[Items from a dataset]
-- -- --

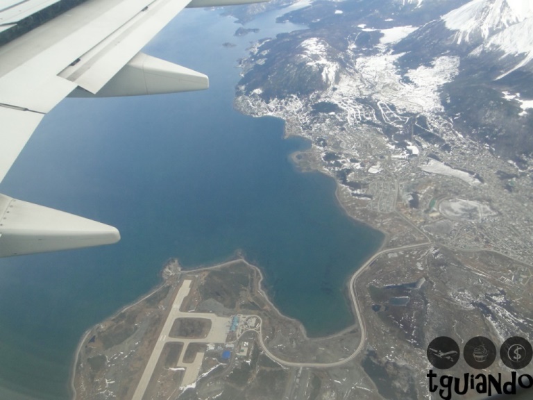 Não sou um especialista em aeroportos, aviões e tão pouco pousos, mas com certeza foi o pouso mais emocionante que já estive. O avião começa a rodear a cidade e parte do canal do Beagle. A aeronave fica bem inclinada em alguns momentos, tanto que é possível ver a cidade e o aeroporto se aproximando.
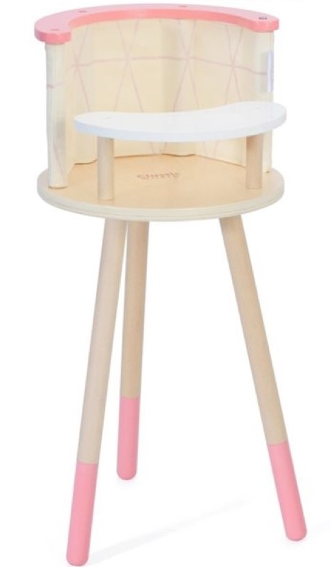 Класическо дървено розово столче за хранене на кукли, което е отлично решение за малки деца, които имитират поведението на възрастните. Столчето ще позволи на детето ви да се грижи за любимата си кукла или плюшено мече и заедно ще се хранят на масата.
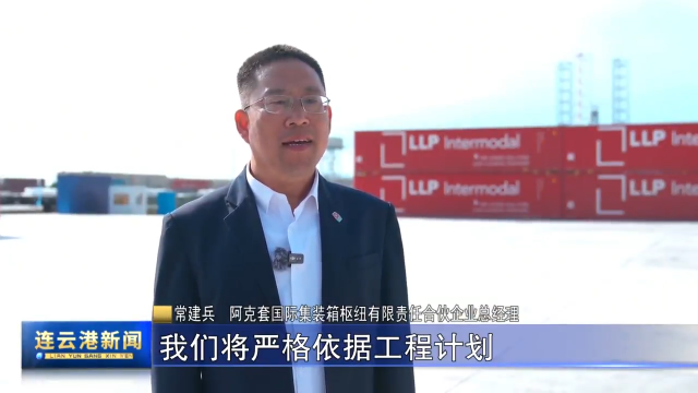 常建兵 阿克套国际集装箱枢纽有限责任合伙企业总经理:在完成先导区建设后,我们将严格依据工期计划,高效推进剩余工程建设,主要包括房建施工、综合管网铺设、外接水电及配套工程、第二台轨道式龙门起重机的安装及调试等剩余工作,确保整个一期项目于2025年底如期竣工投产。
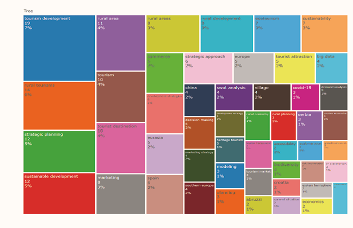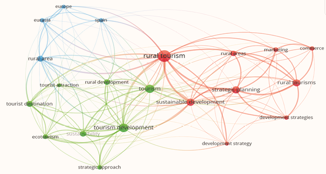 Por su parte, en el análisis de co-ocurrencia de palabras clave, se estableció como parámetro que una palabra clave debía tener al menos cinco (5) ocurrencias. De un total de 488 palabras clave analizadas, únicamente 21 cumplieron con este criterio. Este resultado se puede apreciar en las figuras adjuntas (ver Figura IV y V), las cuales muestran la identificación de clústeres destacados por las palabras: Rural tourism, tourism development, strategic planning, sustainable development.
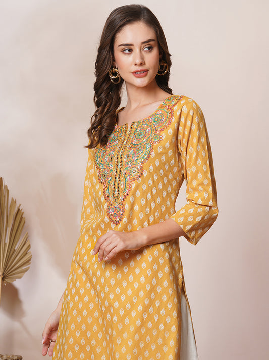 Ethnic Printed & Embroidered Straight Fit Kurta...
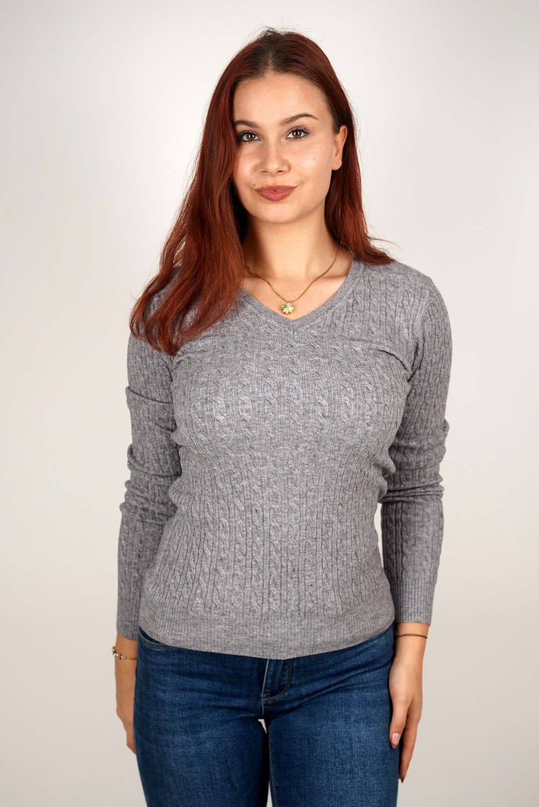 kolekcija10% POPUSTA, BOŽIĆNI POPUSTI, Izdvojeno, Majice, Majice fino meko pletivo, Nova kolekcija, Pletene majice, Pletivo, ŽeneŽenska pletena majica s V-izrezom i uzorkom upletenih linija – u veličinama – N30106
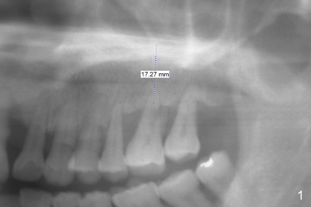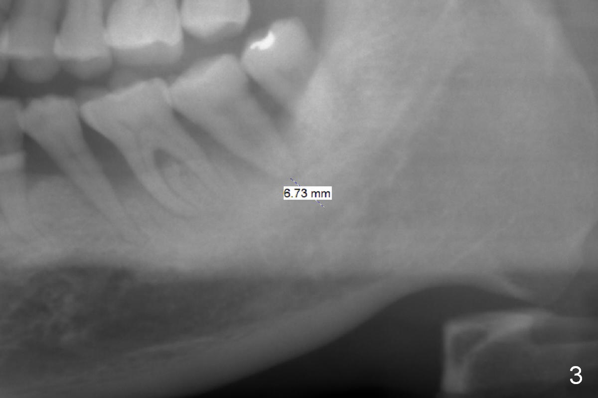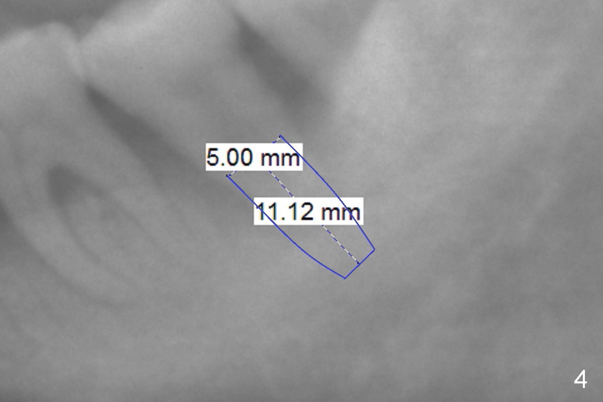 The teeth #14 and 18 of a 46-year-old man become symptomatic 1 month after #4 implant placement. While the socket at #14 is shallow, the apical bone is abundant (Fig.1). The longest IBS implant should be safe (13 mm, Fig.2). In contrast, the socket at #18 is relatively deep, the apical bone is short (Fig.3). A shorter implant (11 mm or less, Fig.4) should be chosen. Osteotomy in the new bone should be 4 mm. Try in a 5x9 mm dummy implant at #18. No antibiotic is used for socket treatment. The bone density in the mandible should be high (drills), whereas that in the maxilla may be low (expanders) or medium (drills). Preop exam will decide which tooth needs treatment first. Take photos PRN.

-- -- --

### Problem to work on
The data above should be set down again exactly, with the pictures omitted.

### Reply to the task
 Não sou um especialista em aeroportos, aviões e tão pouco pousos, mas com certeza foi o pouso mais emocionante que já estive. O avião começa a rodear a cidade e parte do canal do Beagle. A aeronave fica bem inclinada em alguns momentos, tanto que é possível ver a cidade e o aeroporto se aproximando.
 Класическо дървено розово столче за хранене на кукли, което е отлично решение за малки деца, които имитират поведението на възрастните. Столчето ще позволи на детето ви да се грижи за любимата си кукла или плюшено мече и заедно ще се хранят на масата.
 常建兵 阿克套国际集装箱枢纽有限责任合伙企业总经理:在完成先导区建设后,我们将严格依据工期计划,高效推进剩余工程建设,主要包括房建施工、综合管网铺设、外接水电及配套工程、第二台轨道式龙门起重机的安装及调试等剩余工作,确保整个一期项目于2025年底如期竣工投产。
 Por su parte, en el análisis de co-ocurrencia de palabras clave, se estableció como parámetro que una palabra clave debía tener al menos cinco (5) ocurrencias. De un total de 488 palabras clave analizadas, únicamente 21 cumplieron con este criterio. Este resultado se puede apreciar en las figuras adjuntas (ver Figura IV y V), las cuales muestran la identificación de clústeres destacados por las palabras: Rural tourism, tourism development, strategic planning, sustainable development.
 Ethnic Printed & Embroidered Straight Fit Kurta...
 kolekcija10% POPUSTA, BOŽIĆNI POPUSTI, Izdvojeno, Majice, Majice fino meko pletivo, Nova kolekcija, Pletene majice, Pletivo, ŽeneŽenska pletena majica s V-izrezom i uzorkom upletenih linija – u veličinama – N30106
 The teeth #14 and 18 of a 46-year-old man become symptomatic 1 month after #4 implant placement. While the socket at #14 is shallow, the apical bone is abundant (Fig.1). The longest IBS implant should be safe (13 mm, Fig.2). In contrast, the socket at #18 is relatively deep, the apical bone is short (Fig.3). A shorter implant (11 mm or less, Fig.4) should be chosen. Osteotomy in the new bone should be 4 mm. Try in a 5x9 mm dummy implant at #18. No antibiotic is used for socket treatment. The bone density in the mandible should be high (drills), whereas that in the maxilla may be low (expanders) or medium (drills). Preop exam will decide which tooth needs treatment first. Take photos PRN.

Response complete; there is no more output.